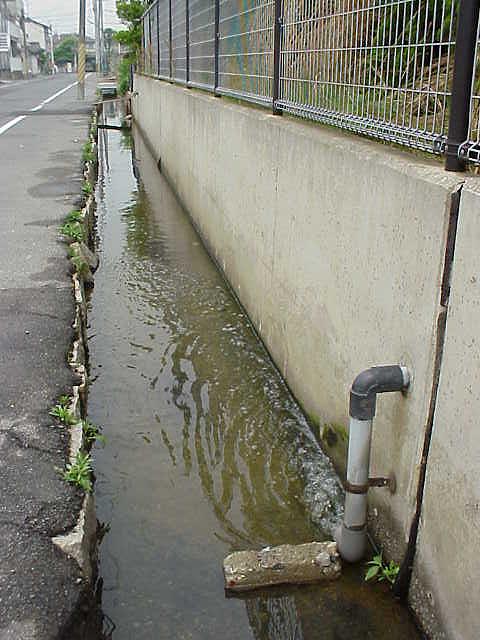 土曜日午前は、アパート前にある排水溝(写真左)の清掃当番。1時間あまりにわたって、溝の中のゴミを取り除いたり、柄付きブラシなどでヘドロ等を押し流す作業に参加した。
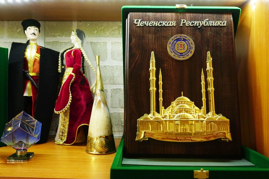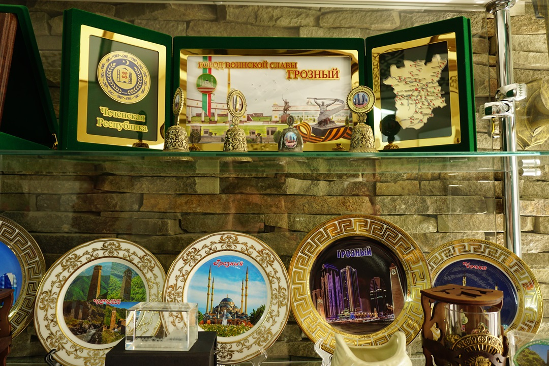 А она, эта действительность, достаточно необычна. Начиная с того, что припарковались мы на проспекте В.В. Путина! Первым делом посетили сувенирный магазин, где обнаружили много интересных изделий с символикой Чеченской Республики. Стало очевидно: для приема туристов здесь есть все необходимое.
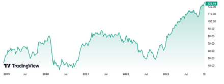 Za poslední rok akcie General Electric vzrostly o 78 %, zatímco odvětví jako celku se ve stejném období ve srovnání s nimi příliš nedařilo a ještě v druhé polovině prosince se pohybovalo v záporných číslech. Podíváme-li se na pětiletou výkonnost akcií General Electric, zjistíme, že jejich hodnota vzrostla o 98 procent*.
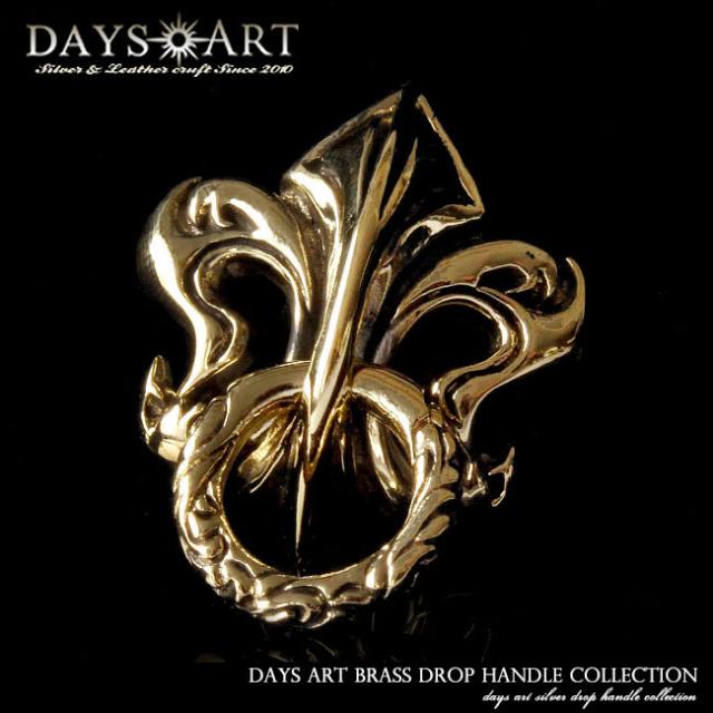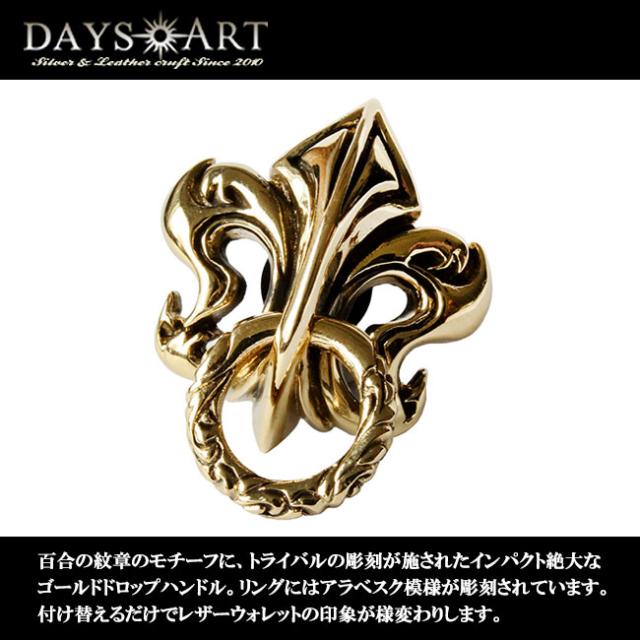 ドロップハンドル ウォレットチェーン用パーツ メンズ ブラス製 真鍮製 百合の紋章モチーフ アラベスク彫刻 ゴールド 【ギフト】 dhb025
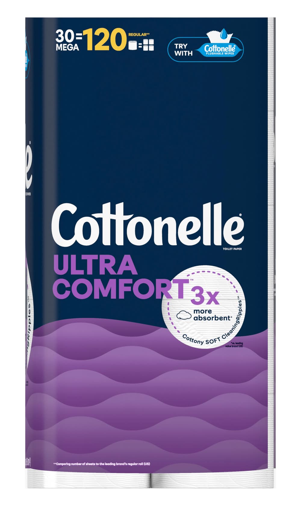 As our softest rolls ever features brand new Cottony Soft Cleaning Ripples designed to clean better and deliver unbeatable comfort Bath Tissue is 3x more absorbe to help you feel comfortably dry. Our toilet paper is made with 100% plant-based fibers and is FSC-certified, sourcing only from responsibly-managed forests. Each 2-Ply Mega Roll has 244 sheets per roll and is free of added perfumes and dyes. For more ways to feel clean, use flushable wet wipes. Keep stocked and order online with delivery to your door or pickup in stores. (per sheet than the leading US value brand) (vs the leading US value brand) (vs the leading US value brand) Packaging: Reusable
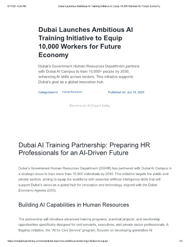6/17/25, 4:24 PM Dubai Launches Ambitious AI Training Initiative to Equip 10,000 Workers for Future Economy
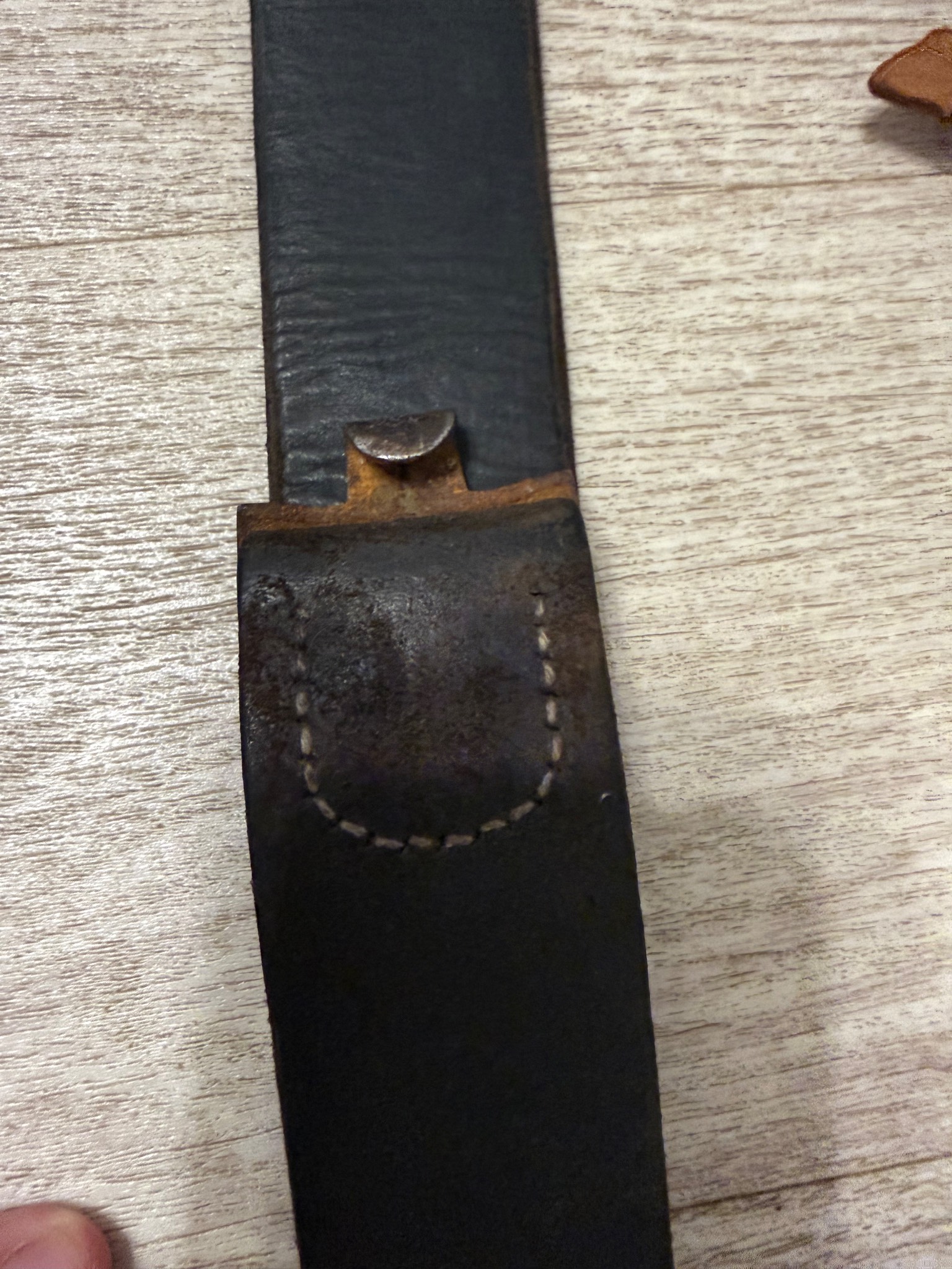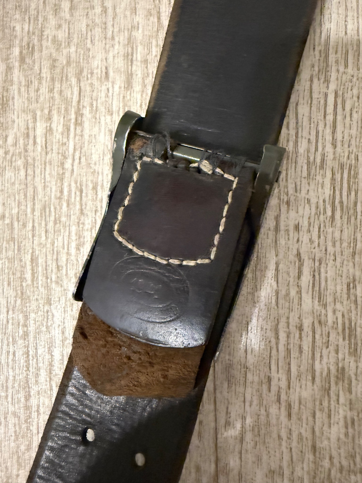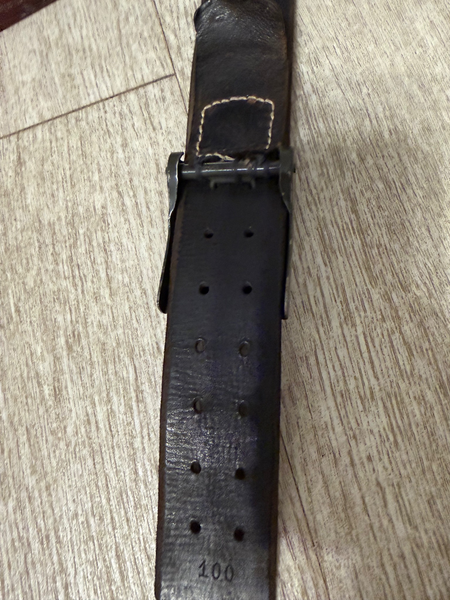 Ремень в хорошем состоянии. Кожа не сухая , сохранена оригинальная прошивка . Попался ремень в такой комплектации в которой есть . Единственное, пришил как мог хлястик к пряге , так как от использования он окончательно потрескался . Все на клеймах

INSTRUCTIONS TO FOLLOW: A verbatim retyping of the listing, without any pictures, is the expected answer.

PROBLEM SOLUTION:
 土曜日午前は、アパート前にある排水溝(写真左)の清掃当番。1時間あまりにわたって、溝の中のゴミを取り除いたり、柄付きブラシなどでヘドロ等を押し流す作業に参加した。
 А она, эта действительность, достаточно необычна. Начиная с того, что припарковались мы на проспекте В.В. Путина! Первым делом посетили сувенирный магазин, где обнаружили много интересных изделий с символикой Чеченской Республики. Стало очевидно: для приема туристов здесь есть все необходимое.
 Za poslední rok akcie General Electric vzrostly o 78 %, zatímco odvětví jako celku se ve stejném období ve srovnání s nimi příliš nedařilo a ještě v druhé polovině prosince se pohybovalo v záporných číslech. Podíváme-li se na pětiletou výkonnost akcií General Electric, zjistíme, že jejich hodnota vzrostla o 98 procent*.
 ドロップハンドル ウォレットチェーン用パーツ メンズ ブラス製 真鍮製 百合の紋章モチーフ アラベスク彫刻 ゴールド 【ギフト】 dhb025
 As our softest rolls ever features brand new Cottony Soft Cleaning Ripples designed to clean better and deliver unbeatable comfort Bath Tissue is 3x more absorbe to help you feel comfortably dry. Our toilet paper is made with 100% plant-based fibers and is FSC-certified, sourcing only from responsibly-managed forests. Each 2-Ply Mega Roll has 244 sheets per roll and is free of added perfumes and dyes. For more ways to feel clean, use flushable wet wipes. Keep stocked and order online with delivery to your door or pickup in stores. (per sheet than the leading US value brand) (vs the leading US value brand) (vs the leading US value brand) Packaging: Reusable
6/17/25, 4:24 PM Dubai Launches Ambitious AI Training Initiative to Equip 10,000 Workers for Future Economy
 Ремень в хорошем состоянии. Кожа не сухая , сохранена оригинальная прошивка . Попался ремень в такой комплектации в которой есть . Единственное, пришил как мог хлястик к пряге , так как от использования он окончательно потрескался . Все на клеймах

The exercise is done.